What kind of lifestyle will a neighborhood offer? Walkability? What does that mean to each member of the household? Walk to all schools? Walk to shop? Walk to train? Walk near home on sidewalks with little traffic? Easy commute or easy access to daily essentials or services? Given a desired location, can one afford all one’s needs? All of one’s wants? Compromising on certain priorities given a desired location are often a source of considerable debate. A small yard and neighbors within view may offer a source of comfort to some, while privacy and space offer comfort to another.
Beneath it all lies the land. Communities grew up around rivers, coasts, trains, transportation arteries and markets. Coastlines were claimed for maritime businesses, wealthy homeowners, public use and parks. Individuals and communities donated land and time to protect natural resources and beauty. Soils and rock determined which land would be farmed and which would be prohibitive or functionally less desirable for development. Topography determined which trails would become roads and ripe for high density development. Planning and Zoning Departments and community input would find a balance to enhance the current and future lifestyle of a shared community called home.
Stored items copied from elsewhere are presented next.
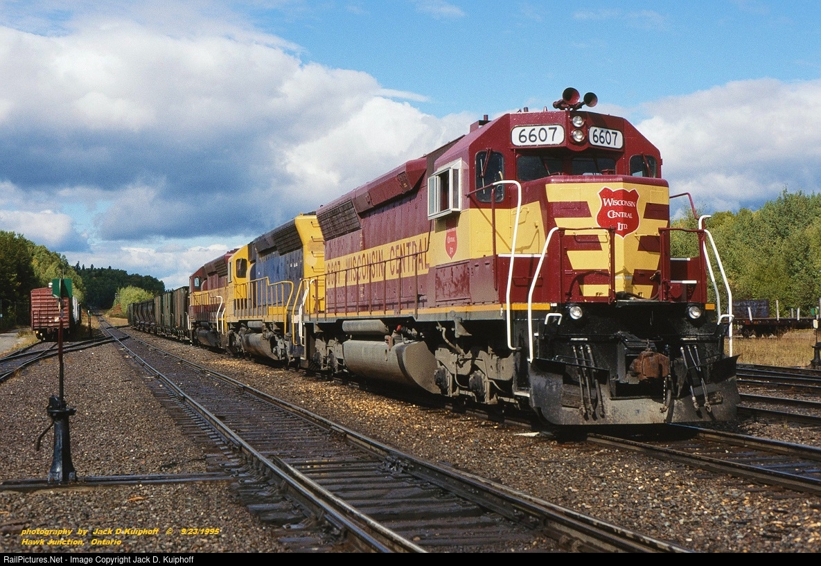 | WC, Wisconsin Central SD45's 6607-5337-6541 leads a southbound ore train on the ex-Algoma Central at Hawk Junction, Ontario. September 23, 1995. Jack D Kuiphoff © photo |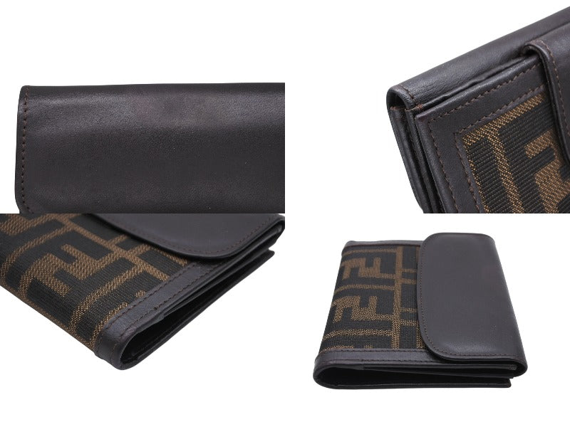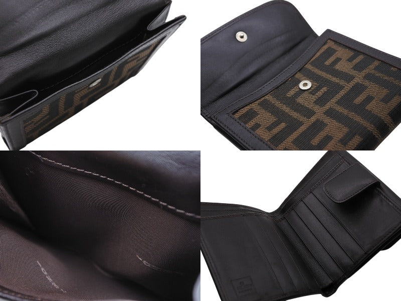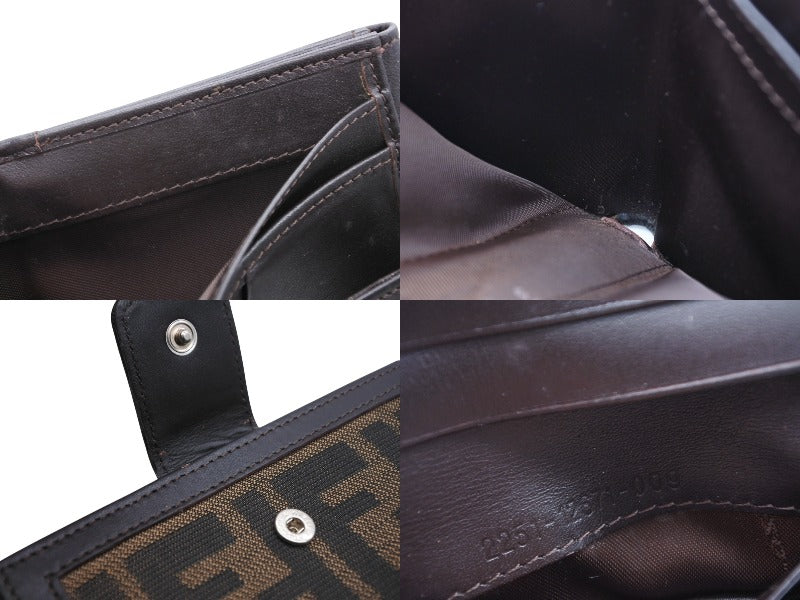 FENDI フェンディ ズッカ柄 二つ折り財布 コンパクトウォレット イタリア製 キャンバス レザー ブラウン 美品 中古 4b009184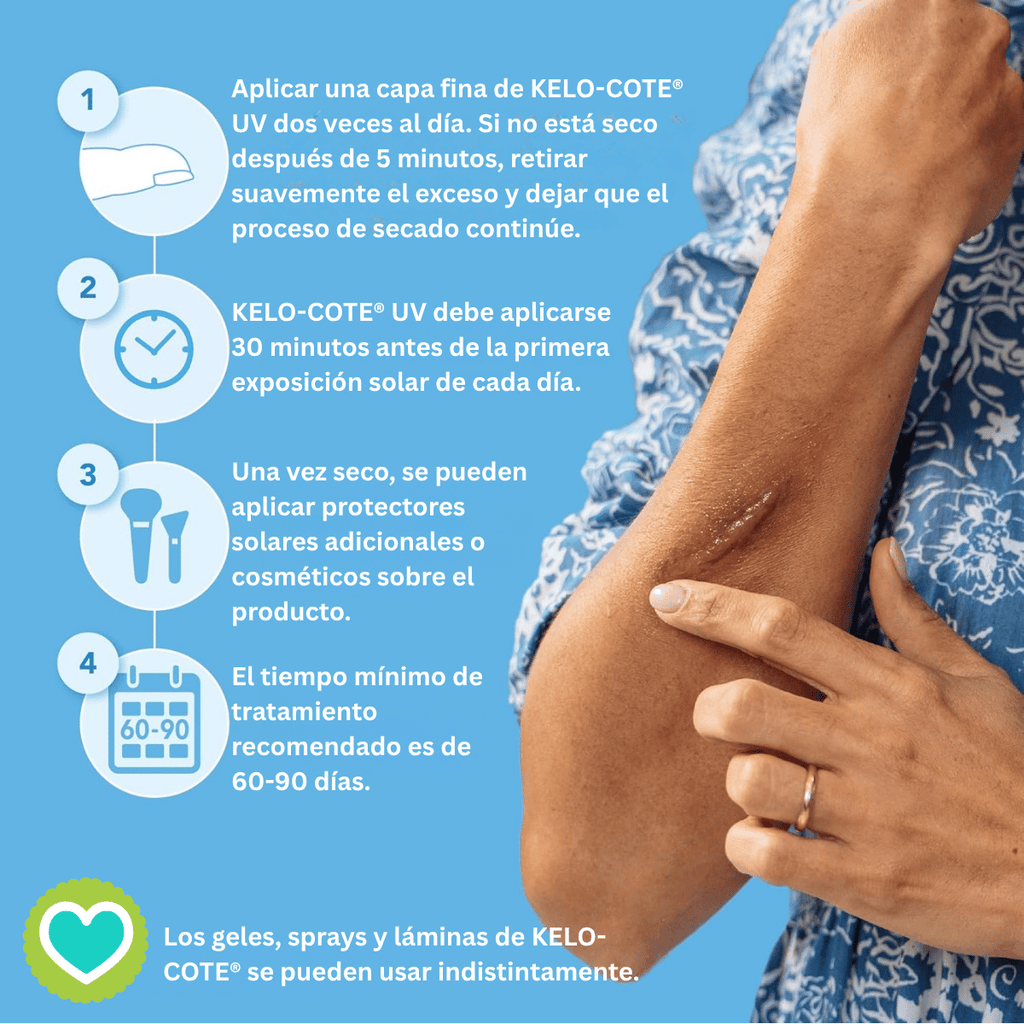 Kelo-Cote UV es un gel de silicona de referencia mundial en el cuidado cosmético de cicatrices.

No doubt an updated home with current floorplan is desirable. At yet, that same house in different locations will have variable lifestyles. And a similar lifestyle can be found in three very different houses within a few blocks of each other. A house can be transformed to satisfy additional needs or wants – provided that the location allows for it and your lifestyle has time for it. Houses can and do change. The land endures.
In Greenwich, one finds a wonderful mix of topography and housing inventory. Getting the mix right takes time and effort. Finding it all wrapped into one neat package at the right time at the right price is the goal, but keep in mind that the children will grow, the job may change and other factors may come into play to adjust those priorities or the perceived value of the benefits to a particular location. Greenwich offers a choice. It is beautiful, unique and full of opportunity. It is a community all its own, with access to major metropolitan resources and employment. There is room to grow and change priorities and lifestyle all while living within the same community.
The incredible involvement of the citizens through the governing Representative Town Meeting in the town budget, general public feedback to the town on comprehensive plans and the like help to ensure the land, lifestyle and laws will endure to support the desirability of living in Greenwich.
There is nothing like traveling to remind one of the great fortune of Greenwich! I appreciate the:
- Natural bounty and beauty of the land and waters,
- Residents who protect the land and nourish the community,
- Laws and citizens who protect the lifestyle,
- Land and location.
Keep an open mind when considering neighborhoods within Greenwich. We agents see it so often we are not surprised when a prospective purchaser starts looking in one neighborhood and ends up in another they knew less about but grew to enjoy even more.